Following discrete oral gavage dosing from a suspension of 1% methyl cellulose at target doses of 10, 30, 100 and 300 mg/kg, respectively, serial blood samples (10 µl) were taken via lateral tail vein at 0.08, 0.25, 0.5, 0.75, 1, 2, 4, 6, 8 and 24 h post dose and 1/9 diluted with miliQ water, frozen on dry ice, then stored at approximately –20°C or below until analysis. Samples were analyzed for parent compound using a method based on protein precipitation followed by UPLC-MS/MS. Pharmacokinetic parameters, namely clearance (CL), volume of distribution at steady state (Vss) and bioavailability (F%), were estimated using Phoenix, WinNonLin 6.3.

c. Data Analysis Data analysis and calculation of pharmacokinetic parameters was performed using Phoenix, WinNonLin Version 6.3.

Following the intravenous administration, the whole blood clearance was calculated by determining the dose administered to each animal and dividing by the AUC0-∞ . The estimate of the volume of distribution at steady state (VSS) was calculated as MRT*CL, where MRT is the mean residence time, calculated by AUMC0-∞ /AUC0-∞.

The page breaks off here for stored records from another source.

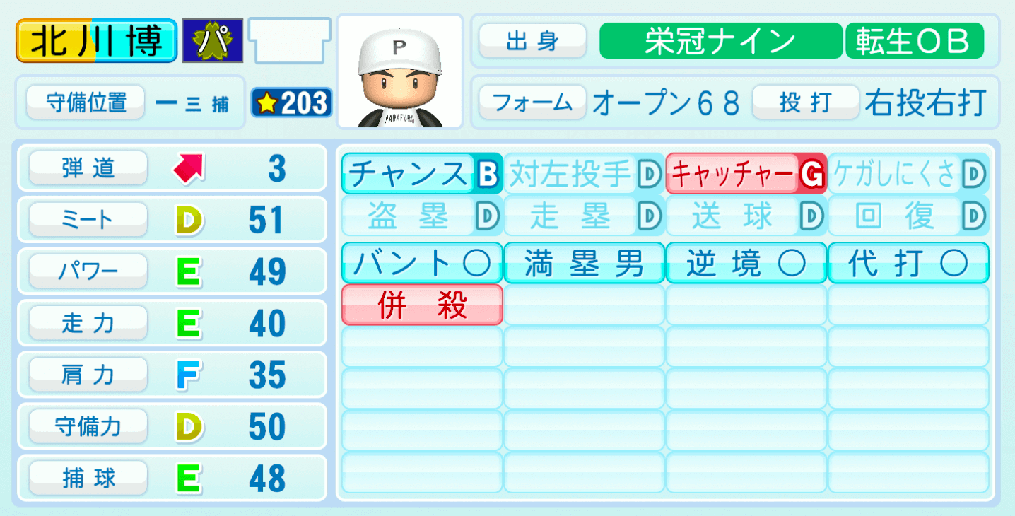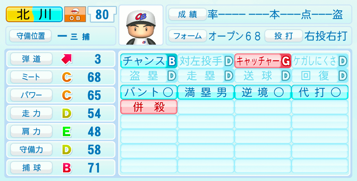 | 守備位置 | 弾道 | ミー | パワ | 走力 | 肩力 | 守備 | 捕球 |
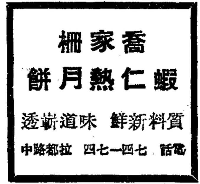 1948年8月28日,《申报》 刊登的乔家栅虾仁热月饼广告
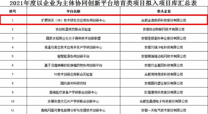 其中,由金諾科技研發(fā)的“基于AIoT技術(shù)智慧科技館管理系統(tǒng)”,作為人工智能領(lǐng)域前沿創(chuàng)新技術(shù),被列入2021年合肥市新技術(shù)榜單;而以金諾科技為牽頭企業(yè)、與安徽大學(xué)聯(lián)合建設(shè)的“擴(kuò)展現(xiàn)實(shí)(XR)技術(shù)研發(fā)及應(yīng)用協(xié)同創(chuàng)新中心”,則歷經(jīng)遴選成功通過(guò)評(píng)審,入選為2021年合肥高新區(qū)以企業(yè)為主體的協(xié)同創(chuàng)新平臺(tái)項(xiàng)目。
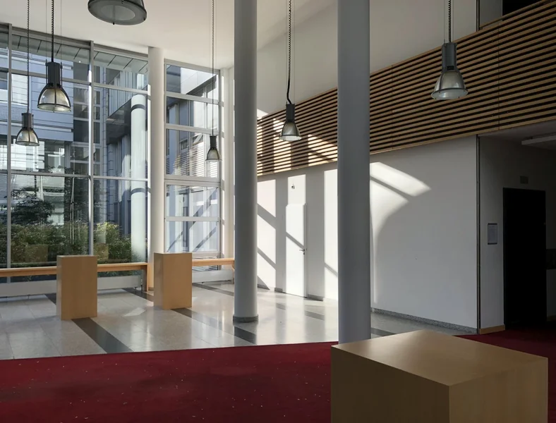 Zwei einladende, barrierefreie Eingangsbereiche, vier Personenaufzüge, Lastenaufzüge, außenliegender Sonnenschutz, moderne EDV-Verkabelung über Kabelkanäle, ein eigener Serverraum und eine Beleuchtung, die euren Arbeitsplatz ins richtige Licht rückt – klingt gut? Wird noch besser: Die Raumaufteilung wird auf Wunsch für euch angepasst. Und wenn ihr noch Lagerfläche braucht – gibt’s bei Bedarf gleich mit dazu.
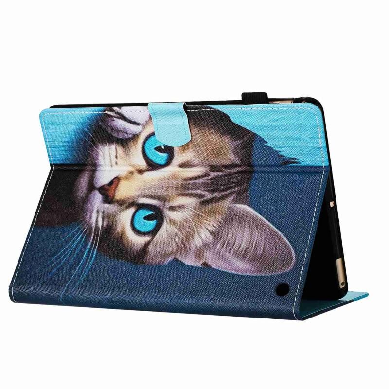 Θήκη Ταμπλέτας από Δέρμα με Έξυπνη Στήριξη και Ραφές με Σχέδιο Ζωγραφικής για Amazon Kindle Fire Max 11 (Μπλε Γάτα)
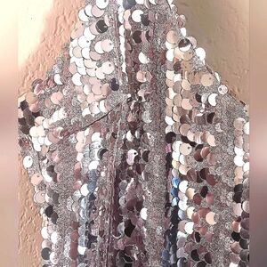 Cute, sexy, sparkly party dress by Forever 21 in pinkish/silvery round sequins. Has some stretch and adjustable straps for a perfect fit. Excellent condition.
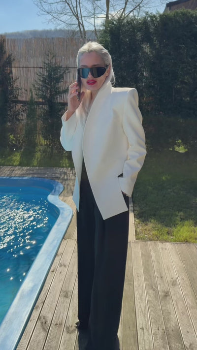 Krep kumaş ile tasarlanmış özel üretim vatkalı sayesinde keskin omuz hatlarına sahip yaka detaylı blazer ceket.

For both intravenous and oral administration, the systemic exposures were determined by calculating the area under the blood concentration time curve (AUC) from the start of dosing to the last observed quantifiable concentration (AUC0-t) by using the linear up-log down trapezoidal rule. The slope of the terminal elimination phase was estimated by linear regression of the terminal data points (minimum 3 points) from a natural log concentration versus time plot of the data. The half-life (t1/2) of the terminal elimination phase was calculated as t1/2 = 0.693/λ.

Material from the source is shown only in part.